Paradoris liturata

Photo courtesy of Jim Black
Police Pier, Lembeh Straits

RS System with 50 mm macro and super macro adapter

Paradoris liturata, (Bergh, 1905)

This week we delve into an subject area not well understood even by scientists. One of the proposed defense mechanisms of nudibranchs is mimicry whereby different species acquire certain visual similarities to confuse or deter potential predators. In this case we have a dorid that without the presence of gills is a great stand in for Phyllidiella pustulosa , a very, very toxic member of the Phyllidiidae family. A great introduction to the world of mimicry as it applies to our slug friends can be found on Bill Rudman's Sea Slug Forum .

The similarities between Paradoris liturata and Phyllidiella pustulosa are quite remarkable. I sometimes wonder in Nature's time frame how long it took this "relationship" to evolve and how was it "catalyzed"?

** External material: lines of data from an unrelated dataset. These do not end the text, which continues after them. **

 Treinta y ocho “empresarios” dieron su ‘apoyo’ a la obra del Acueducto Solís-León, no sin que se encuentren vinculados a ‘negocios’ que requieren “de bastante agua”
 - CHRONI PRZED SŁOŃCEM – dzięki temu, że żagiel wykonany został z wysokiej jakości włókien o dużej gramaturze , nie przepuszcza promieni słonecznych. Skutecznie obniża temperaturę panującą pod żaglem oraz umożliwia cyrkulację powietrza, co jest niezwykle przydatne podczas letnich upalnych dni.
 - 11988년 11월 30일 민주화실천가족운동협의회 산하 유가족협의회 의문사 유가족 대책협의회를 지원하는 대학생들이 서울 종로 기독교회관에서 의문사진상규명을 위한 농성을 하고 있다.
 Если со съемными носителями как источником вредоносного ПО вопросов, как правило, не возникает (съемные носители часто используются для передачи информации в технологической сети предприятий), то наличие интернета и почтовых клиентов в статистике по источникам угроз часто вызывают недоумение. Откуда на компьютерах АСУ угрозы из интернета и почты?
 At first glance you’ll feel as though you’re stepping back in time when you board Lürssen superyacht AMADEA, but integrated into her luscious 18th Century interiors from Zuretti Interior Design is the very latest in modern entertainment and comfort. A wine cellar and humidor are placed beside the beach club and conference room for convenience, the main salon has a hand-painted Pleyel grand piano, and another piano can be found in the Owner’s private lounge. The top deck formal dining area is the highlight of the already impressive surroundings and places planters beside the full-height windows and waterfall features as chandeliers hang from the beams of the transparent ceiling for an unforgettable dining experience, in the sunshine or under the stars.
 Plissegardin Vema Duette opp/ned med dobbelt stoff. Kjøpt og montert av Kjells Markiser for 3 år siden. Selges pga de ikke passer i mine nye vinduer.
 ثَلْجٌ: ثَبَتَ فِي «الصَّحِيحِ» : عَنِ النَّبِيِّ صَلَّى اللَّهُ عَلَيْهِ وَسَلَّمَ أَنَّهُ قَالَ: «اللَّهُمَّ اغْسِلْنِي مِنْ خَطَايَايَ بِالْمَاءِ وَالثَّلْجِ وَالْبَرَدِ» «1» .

For a long time Phyllidiella pustulosa didn't rank very high in desirability as a photographic subject from my personal point of view. That has changed as a direct result of being introduced to Paradoris liturata . I now almost always take the time to check out P. pustulosa for the presence of gills!

Last October on a trip to the Komodos with Ali Hermosillo, I got lucky and found one and took some so-so video . The branch isn't doing much of anything but another dimension is added with video.

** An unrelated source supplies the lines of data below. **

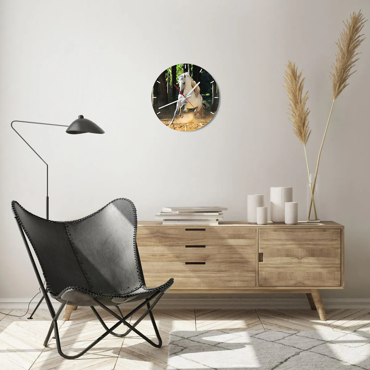 - Denna väggklocka föreställer en vit häst som galopperar genom träden. Dess eleganta och dynamiska design passar perfekt för inredningar inspirerade av naturen och harmoni.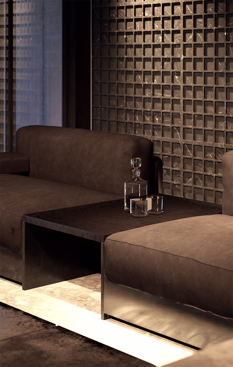Zestawienie kompozycji sofy Gattopardo ze stolikiem Echo na tle kamiennych tektonicznych modułów Checkmate są wstępem do klubowego i bezwstydnie męskiego charakteru pawilonu.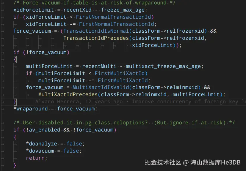 (2)判断 XID 回卷风险:同时满足表的relfrozenxid是正常事务 ID和relfrozenxid 早于 xidForceLimit,则标记force_vacuum = true(存在XID回卷风险);
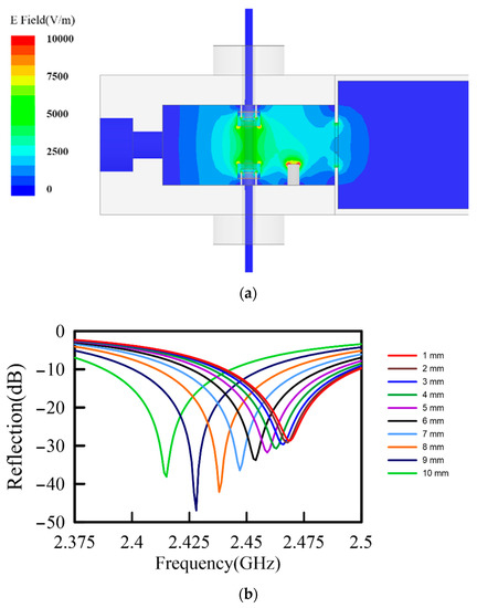 The simulation results of the TM-mode resonant cavity. (a) The distribution of E-field at microwave power of 20 W. (b) The frequency response of the cavity varied with the height of the tuner from 1 mm to 10 mm.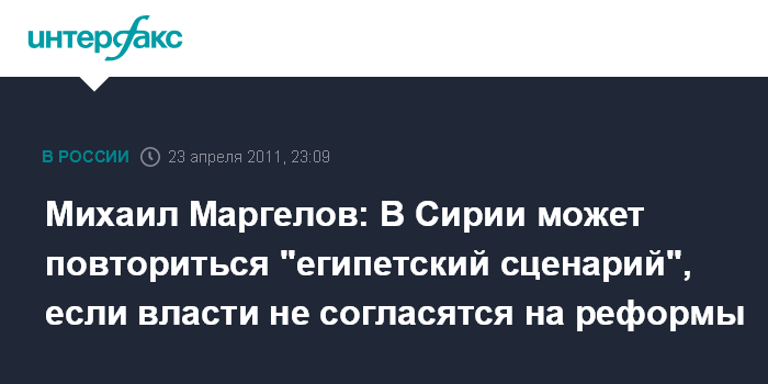 Москва. 23 апреля. ИНТЕРФАКС - Глава Комитета по международным делам Совета Федерации Михаил Маргелов считает, что промедление с реформами чревато для Сирии повторением "египетского сценария".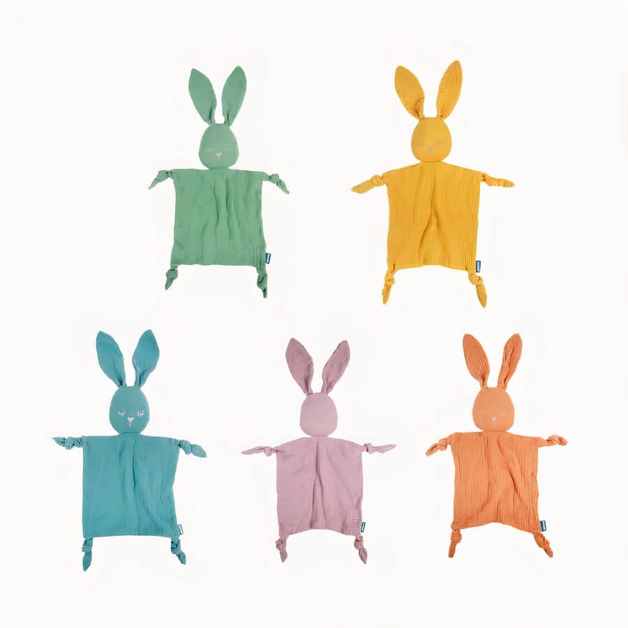 Doudou lapinou en coton coloré pour bébé

Thanks goes again to veteran u/w photographer and long time contributor to the Slug Site Jim Black for his super macro branch shots!

I hope at some point in time Richard Willan down under has time to explore this fasinating mimicry relationship further!

Michael Miller
San Diego, Calif
Jun, 2008

Jim Black on location

Jim is retired from US Airways after 27 years as a pilot..., flying Captain on an Airbus 330 Internationally.

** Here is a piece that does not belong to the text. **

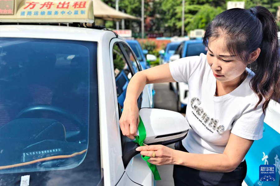 1/06月4日,河南省三門峽市啟動“任你乘風(fēng)破浪,保你追逐夢想”愛心送考公益活動。一名“愛心送考”車隊的女司機將象征“平安、快捷”的綠色絲帶系在車上。(新華社發(fā) 杜杰/攝)

Diving since 1970...with over 5200 dives logged. Shoots Nikon F4s in housing and Nikonos RS.

Jim's photography has been featured in a number of books and publications including Helmut Debelius' Nudibranchs and Sea Snails of Gosliner, Behrens and Williams Coral Reef Animals of the Indo-Pacific. A photo of Jim petting a shark in "Sleeping Shark Caves" off Isla Mujeres Island, Mexico, taken by Amy Foster his significant other, recently appeared in Dave Behrens' Diving Guide to Cozumel, Cancun & The Riviera Maja.